Table 11. PSNR (dB) and SSIM for proposed and [28] using ABC and GA.

	ABC Proposed		ABC [28]		GA Proposed		GA [28]
	PSNR	SSIM	PSNR	SSIM	PSNR	SSIM	PSNR	SSIM
Grayscale Image
Lena	52.32	0.9971	47.45	0.9964	53.14	0.9894	50.81	0.9825
Baboon	51.60	0.9983	50.86	0.9961	51.96	0.9984	51.02	0.9931
Lighthouse	52.92	0.9570	52.37	0.9534	53.44	0.9597	51.89	0.9532
Desert	53.09	0.9707	52.61	0.9682	53.34	0.9713	51.95	0.9647
Grain	51.54	0.9866	51.04	0.9836	51.52	0.9862	50.73	0.9806
MRI	54.07	0.9059	53.06	0.9026	54.27	0.9062	53.01	0.9029
Color Images
Koala	56.56	0.9991	49.11	0.9925	57.11	0.9993	56.02	0.999
Penguins	57.21	0.999	51.51	0.9998	57.66	0.999	56.02	0.9982
Tulips	61.37	1	48.18	0.9997	61.50	1	59.98	0.9999
Tiffany	59.22	0.9978	58.09	0.9977	57.46	0.9978	58.04	0.9977
Splash	58.12	0.9977	56.08	0.9976	58.14	0.9976	56.04	0.9976
Skin	57.81	0.9999	56.83	0.9998	58.68	0.9999	55.83	0.9998

. Here, it can be observed that, for all images, the proposed scheme has higher PSNR and SSIM than the scheme in [28] for ABC and GA. For all color images, remarkable improvement can be observed by the proposed scheme over [28] with ABC as well as GA from Table 11. Hence, it can be claimed that the proposed scheme has higher imperceptibility as compared to [28]. Robustness of the proposed scheme and the scheme in [28] with optimized scaling factor using ABC and GA is also compared and presented in

Table 12. NC and BER for the proposed scheme and [28] using ABC and GA under zero attack.
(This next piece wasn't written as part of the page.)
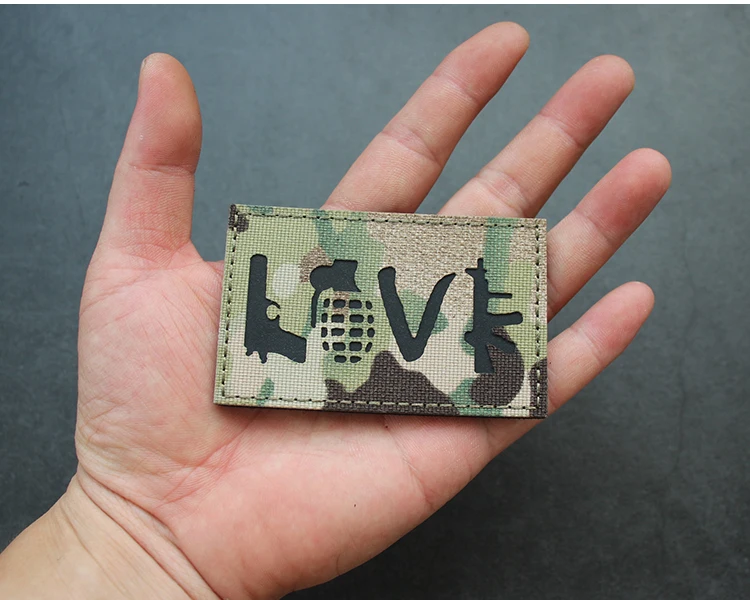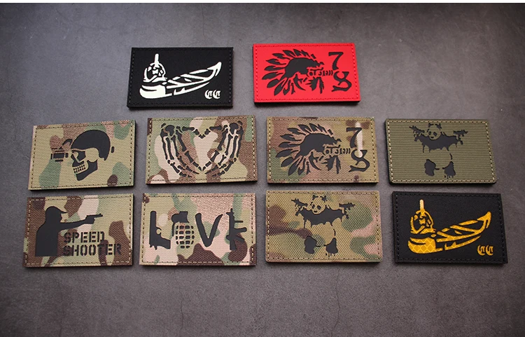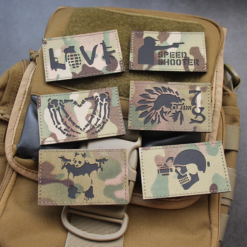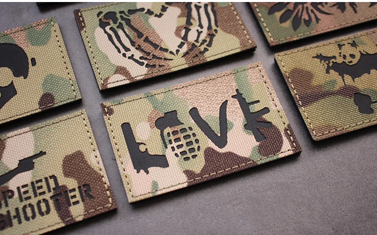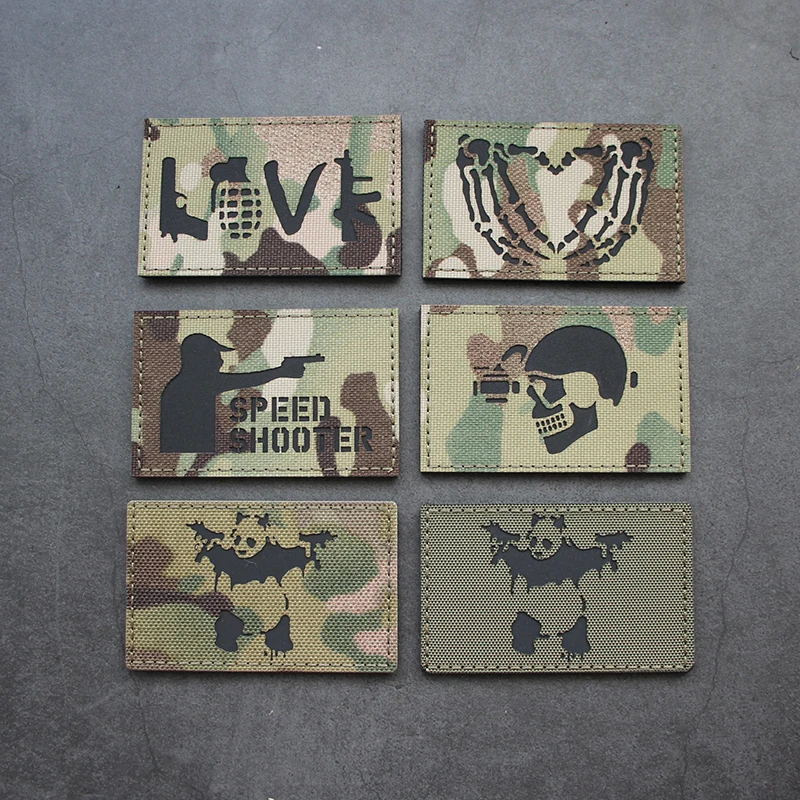 Parches reflectantes de nailon de camuflaje, SHOOTER de velocidad ONE7, doble pistola, Panda, calavera verde, dedos, corazones de amor, insignia táctica militar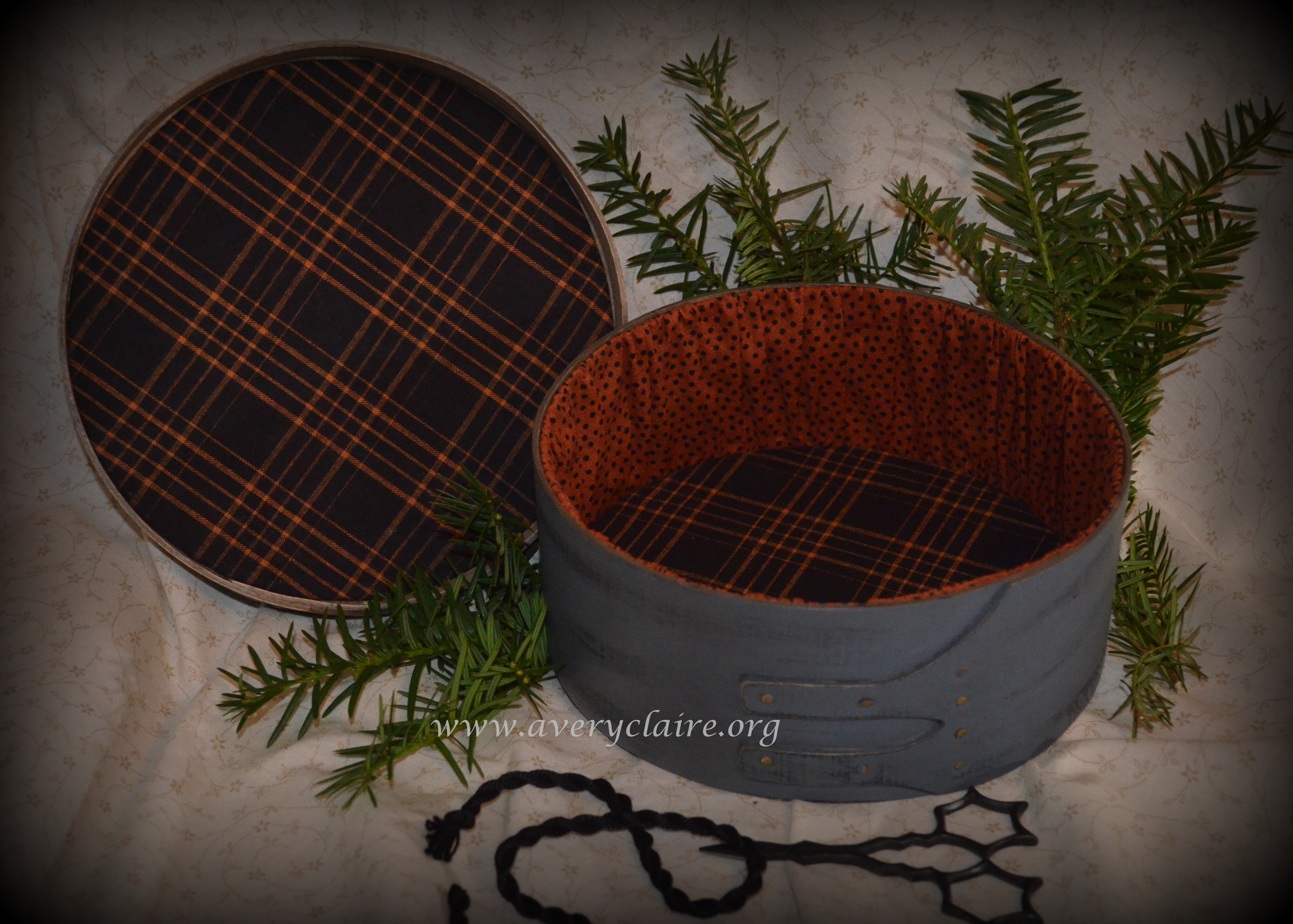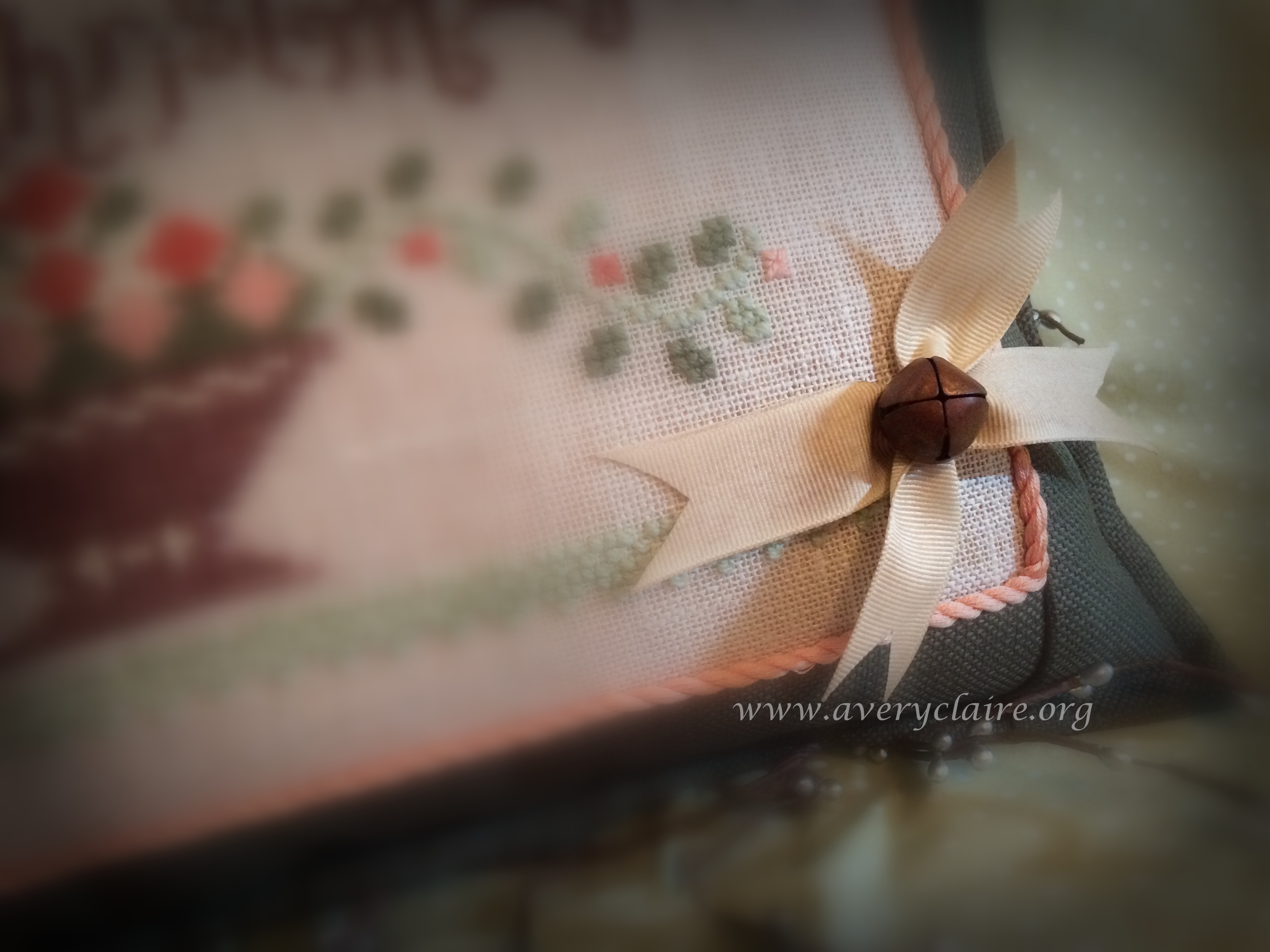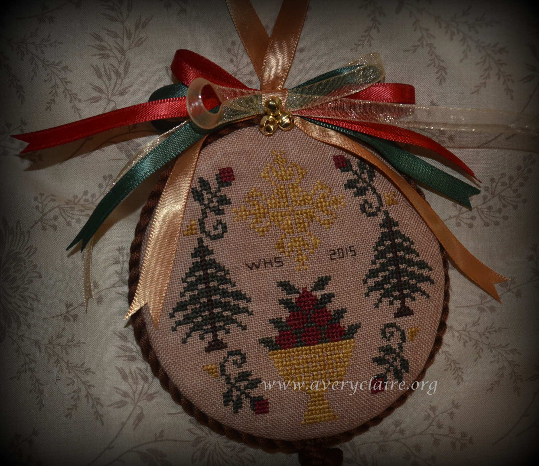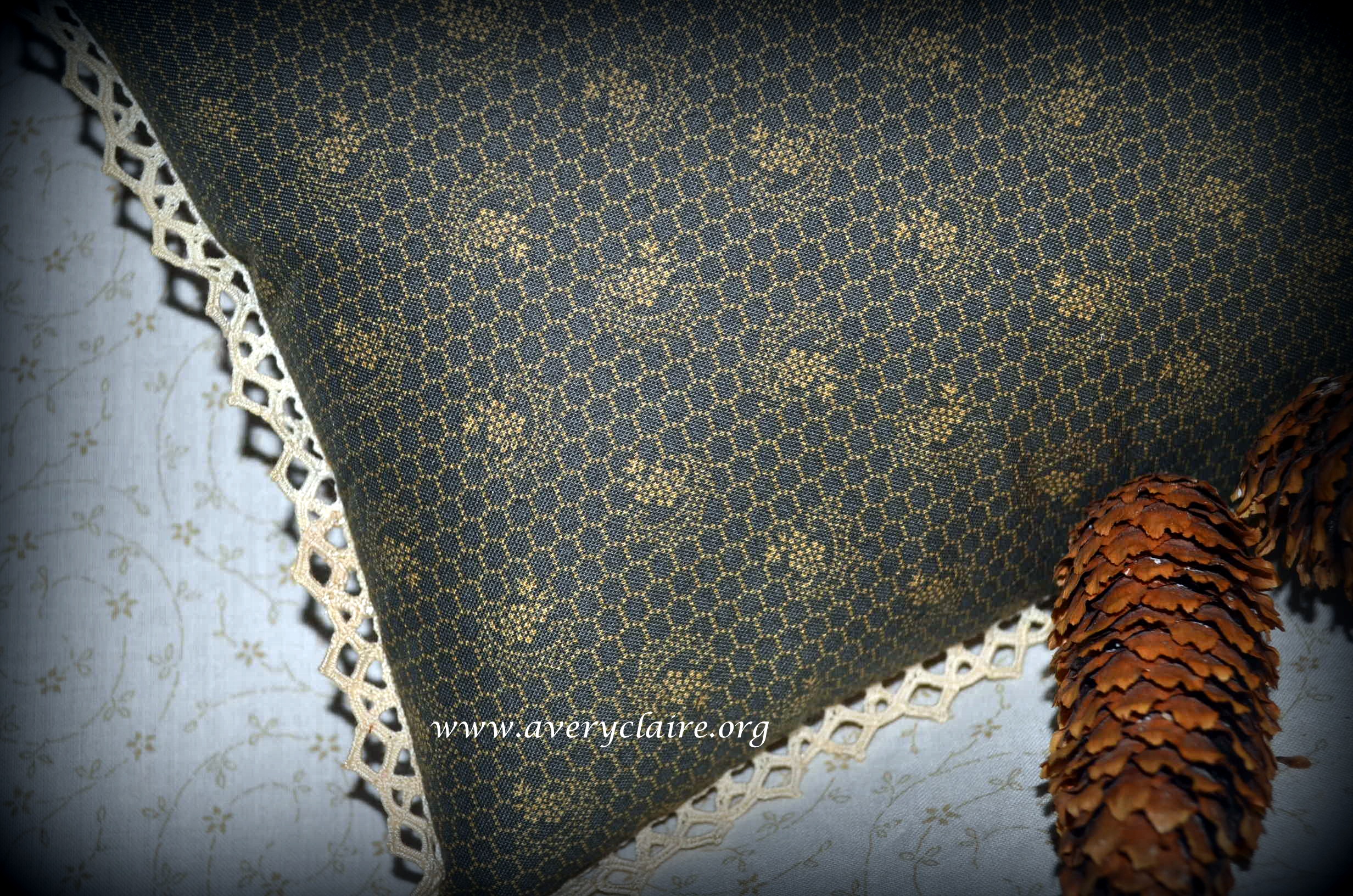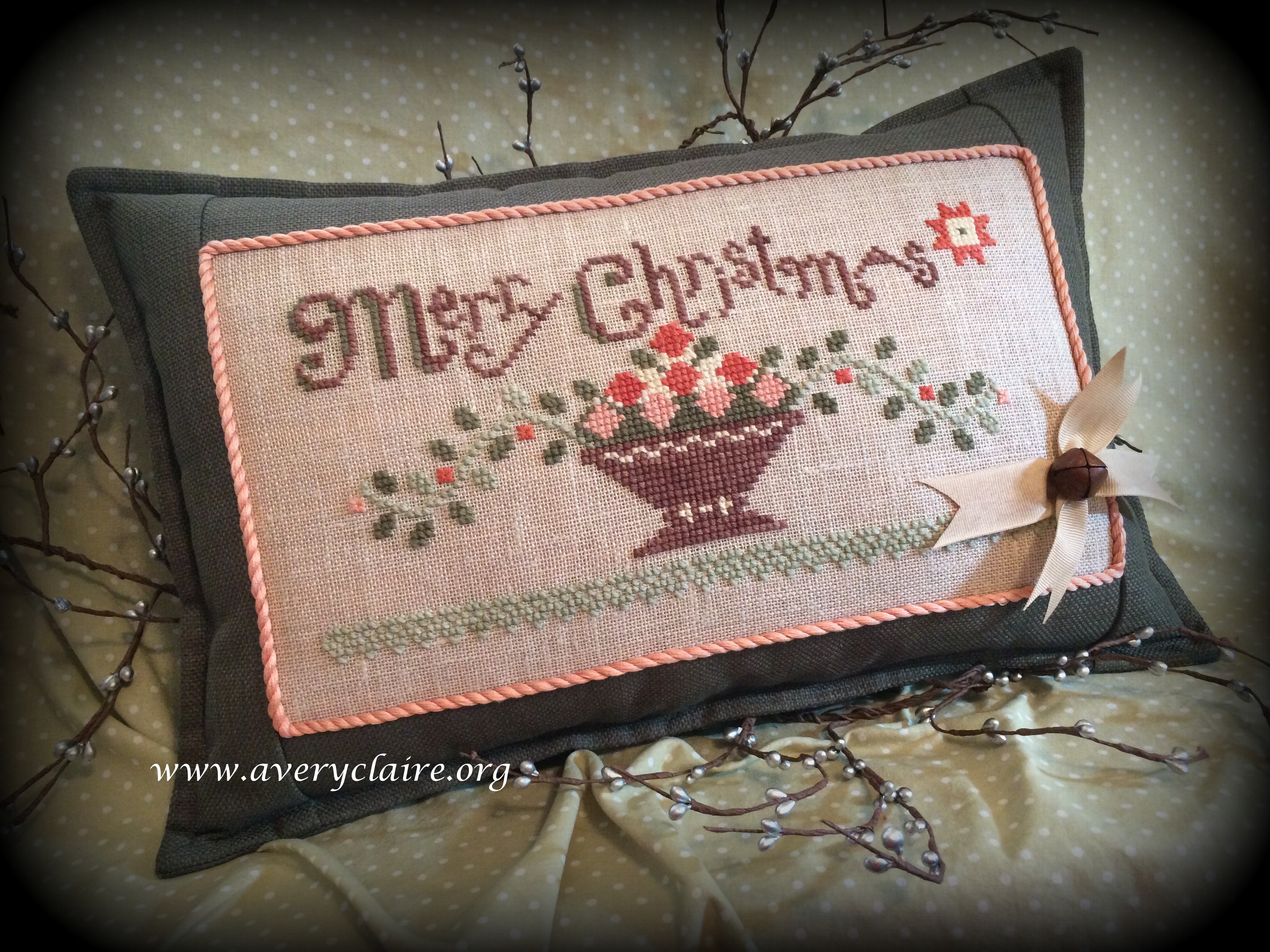 Vivian made this lovely primitive pillow from the pattern “Christmastide” by Notforgotten Farm. She said it reminded her of she and her sister decorating the Christmas tree! I used the antique lace she gave me and I hand-dyed silk ribbon to coordinate with the pillow. It is a very pretty piece.

	ABC Proposed		ABC [28]		GA Proposed		GA [28]
	NC	BER	NC	BER	NC	BER	NC	BER
Grayscale Image
Lena	1	0	1	0.0004	1	0	1	0
Baboon	1	0.0004	1	0.0004	1	0	1	0
Lighthouse	1	0.0002	1	0.0002	1	0	1	0
Desert	1	0.0002	1	0	1	0	1	0
Grain	1	0	1	0	1	0	1	0
MRI	1	0	1	0	1	0	1	0
Color Images
Koala	0.9996	0.0004	0.9991	0.0019	0.9999	0	0.9977	0.0019
Penguins	0.9997	0.0004	0.9980	0.0017	1	0.0004	0.9991	0.0008
Tulips	1	0	0.9981	0.0009	1	0.0002	0.9961	0.0042
Tiffany	0.9998	0.0004	0.9903	0.0096	0.9997	0.0002	0.991	0.0351
Splash	0.9997	0	0.9896	0.0094	0.9995	0	0.9903	0.0093
Skin	0.9996	0	0.9950	0.0032	0.9999	0	0.9963	0.0059

in terms of NC and BER under zero attack. From Table 12, it can be studied that, for grayscale images, the performance of both schemes are at par for ABC and GA. However, for the color images, the proposed scheme has a higher NC value and lower BER value than [28], indicating that the proposed scheme has higher robustness for color images. From this discussion, it can be concluded that the proposed fitness function has improved scaling factor optimization compared to [28].

5. Conclusions

The proposed hybrid IWT-SVD DIW scheme is blind, secure and adaptive. Hence, it is suitable for robust transmission of digital images in public channels. Embedding the encrypted watermark in a randomly selected position of the cover image provides high watermark security, which makes the proposed scheme suitable for applications such as scientific documents and courtroom proof transmission, military applications, fingerprinting, telecoms, etc. Adaptive generation of ISF provides higher imperceptibility and robustness. Using NIO algorithms for ISF optimization further improves performance of watermarking characteristics. The proposed scheme is also free from FPE due to Pseudo random key and two-level adaptive embedding. The simulation results show that the proposed scheme provides higher watermarking characteristics and is able to sustain the majority of image processing attacks. Furthermore, comparative study with state-of-the-art schemes exhibits that the proposed scheme shows higher imperceptibility, robustness, security and embedding rate than state-of-the-art schemes. The fitness function proposed in the scheme is also more fitting. The proposed scheme can be used for copyright security, ownership verification, image authentication, telemedicine, military applications, transmission of scientific or courtroom documents, fingerprinting, image forensics, etc. Improving the embedding rate and robustness can be seen as future work. Hybrid optimization approaches for high exploitation and exploration for higher imperceptibility and robustness is also prospective research.